Twitter’s 140 Character Limit May Not Be Long For This World

One of the most persistent rumors in tech is back: Reports are circulating that Twitter may build a product allowing posts of up to 10,000 characters, quite an increase from the current 140. According to Recode’s Kurt Wagner (a former Vocian…we’re all very proud), currently 140 characters would still display in the stream, but with a “Read more” call-to-action to reveal the entirety of your long-form thoughts. This news has sparked much soul-searching and hand-wringing — on Twitter of course — about the implications for the most important question of all time: What is Twitter?Screen Shot 2016-01-06 at 7.12.22 AM

Considering this is still far from official, speculation is somewhat premature. But the news invites consideration about what’s behind Twitter’s product roadmap, which lately seems driven mostly by desperation for new users. Investors are pressuring Twitter to become what many people (myself included) maintain it never will be: a mass product.

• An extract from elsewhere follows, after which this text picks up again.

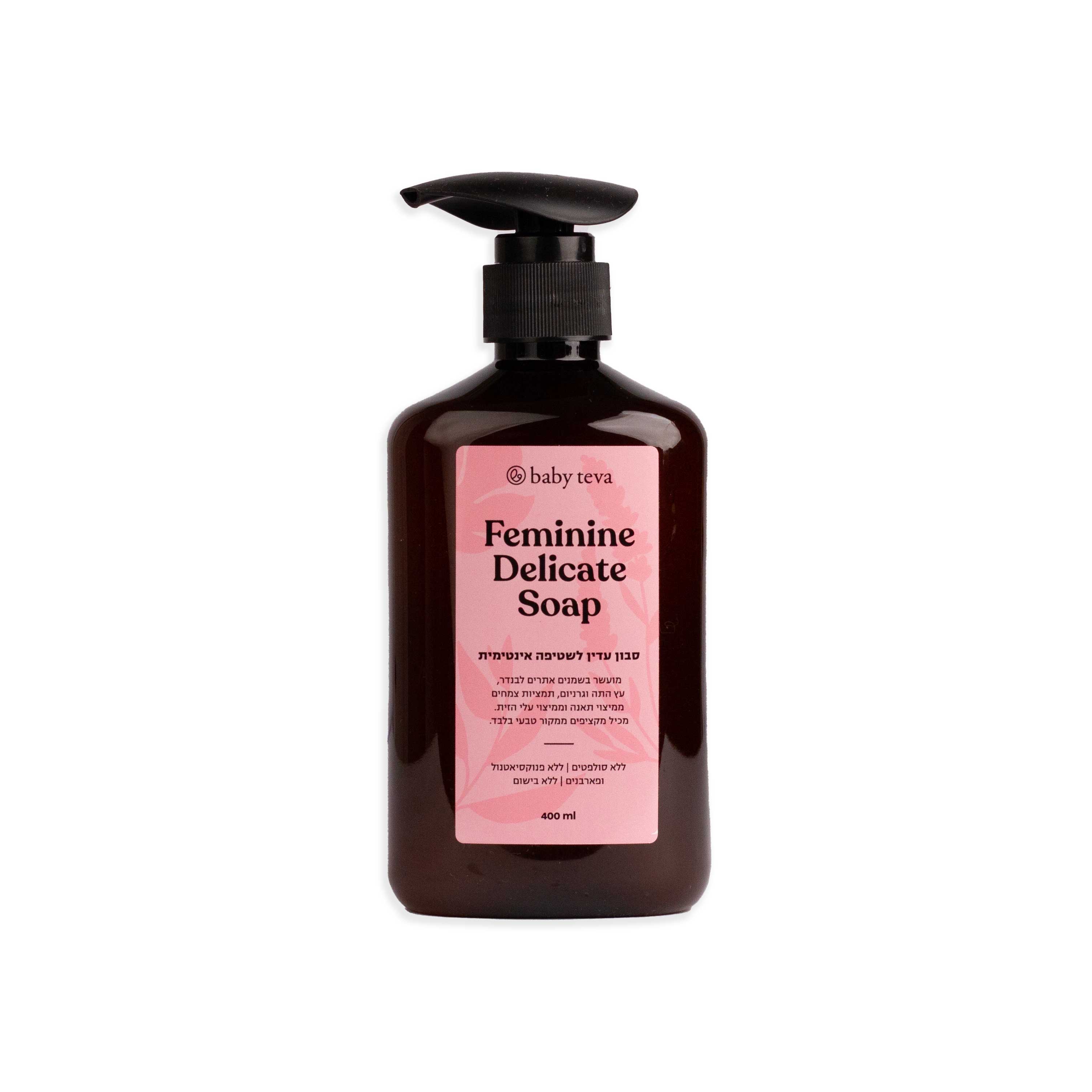 סבון נוזלי לשטיפה בהריון ולאחר לידה, מומלץ במיוחד לאחר תפרים וכן באופן כללי לאחר הלידה ולרגישות במהלך ההריון. בעל ריח עדין, מועשר בשמנים אתריים: לבנדר, עץ התה וגרניום ותמציות צמחים ממיצוי תאנה וממיצוי עלי הזית.

With details sparse, some quick thoughts on what may be in Twitter’s future:

  • Yes, this basically makes Twitter a blog platform. And yes, it opens up questions about how Twitter might better integrate with Medium. Unlike other blog platforms, though, this would encourage primarily intra-network sharing similar to RTs, maybe akin to Tumblr reblogs. Platforms like WordPress and Blogger grew through links, but this would be more in the model of Facebook Notes, where the point is to keep people on-domain.
  • It’s unclear how this appeals to the new users Twitter wants to attract. Anybody looking for long-form publishing has a wealth of alternatives available to them. WordPress, Tumblr, even Facebook all have long-form options, so it’s not as if a 10,000-character limit is a big market differentiator. Twitter has always been about quick hits and breaking news, and it’s hard to see how adding long-form posts will work within the existing Timeline, especially on mobile, where everyone else is moving in the direction of fast, low-impact consumption and engagement.
  • If the problem truly is, as some have speculated, that links and photos eat into character count, then that’s the problem to fix. I’m certainly not an engineer (though I do have a cool hat), but there has to be an easy way for Twitter to make it so links and photos don’t eat into character limits. Give me 140 characters of actual copy to use instead of 115 or 90 if I want to add a link, or a link and a photo.
  • No one was asking for this “problem” to be fixed. Again, Twitter is by its nature more attractive to the power user set. And what they’ve actually been asking for is more robust editing functionality, more flexibility within the character limits, real changes to how abusive messages are dealt with and more.
  • Twitter, like Facebook, wants to eat the media. Many have likened this concept not only to Facebook Notes but also to Instant Articles, speculating that Twitter wants media companies to use this to publish natively on the platform. This plays into the death of links as currency on the Web in favor of a platforms-as-publishers model, and it’s easy to see Twitter offering publishers some sort of new in-post advertising unit.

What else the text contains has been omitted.